Personal information
- Full name: Mark Raymond Came
- Date of birth: 14 September 1961 (age 65)
- Place of birth: Exeter, England
- Height: 6 ft 1 in (1.85 m)
- Position: Defender

Senior career*
- Years: Team / Apps / (Gls)
- 0000–1982: Middlewich Athletic
- 1982: Nantwich Town / 7 / (1)
- 1982–1984: Winsford United
- 1984–1992: Bolton Wanderers / 195 / (7)
- 1992–1994: Chester City / 47 / (1)
- 1994–1996: Exeter City / 70 / (5)
- 1996–1998: Winsford United

Managerial career
- 1999: Winsford United
- 2006–2008: Barnton

= Mark Came =

English footballer and manager

Mark Raymond Came (born 14 September 1961) is an English former professional footballer who made more than 300 Football League appearances for Bolton Wanderers, Chester City and Exeter City. He is now manager of non-league side Barnton.
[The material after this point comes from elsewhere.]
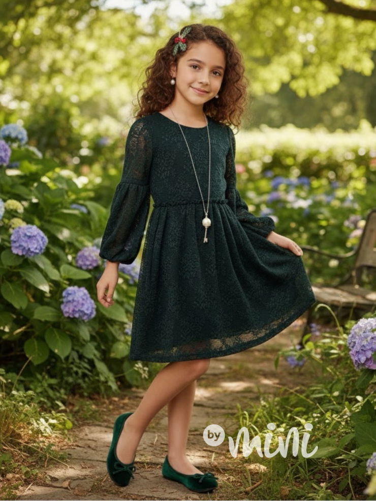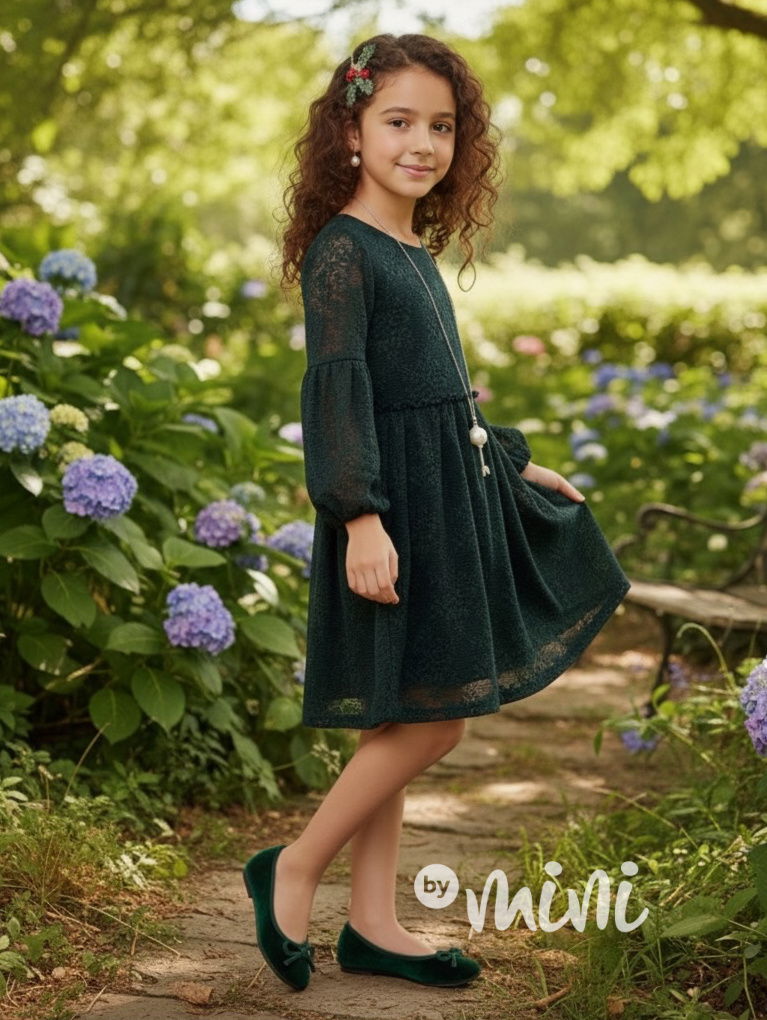 Krajkové boho šaty s řetízkem smaragdové

Came began his playing career with Middlewich Athletic and joined Nantwich Town in October 1982. He soon moved on to Winsford United, who he played for until Bolton Wanderers gave him his first Football League chance when they signed him in April 1984. Came became a regular for Wanderers over the next four years, winning promotion from Division Four in 1987–88. But a broken leg early in the 1988–89 season after a tackle by Chester City's striker Ian Benjamin ruled him out for more than a year thus ending interest in him by Arsenal, Ipswich Town and Everton. After this Came struggled to re-establish himself in the Bolton side and in December 1992 he ironically moved across the north-west to Chester.

Although Came was unable to save Chester from relegation to Division Three in his first season with the club, he helped them to win promotion straight back the following season. The campaign memorably saw him deputise in goal for nearly the entire 90 minutes away at Scarborough after regular goalkeeper Billy Stewart suffered an injury in the warm-up. Came kept a clean sheet as Chester won 1–0 and he struck up a solid central defensive pairing with Colin Greenall as City sealed the runners-up spot.

But in July 1994 Came opted to remain in Division Three by joining Exeter City, where he won player of the season in his two years with the Grecians. This marked the end of his professional career, as he made a surprise return to Winsford. He played for Winsford until retiring through injury in December 1998, but he remained involved at the club and was appointed manager for the 1999–2000 season.

Came was appointed manager of Cheshire side Barnton in January 2006. He remained in charge before resigning in January 2008.

His son Shaun Came has played professionally for Macclesfield Town.

His grandson currently plays for Norwich City Academy.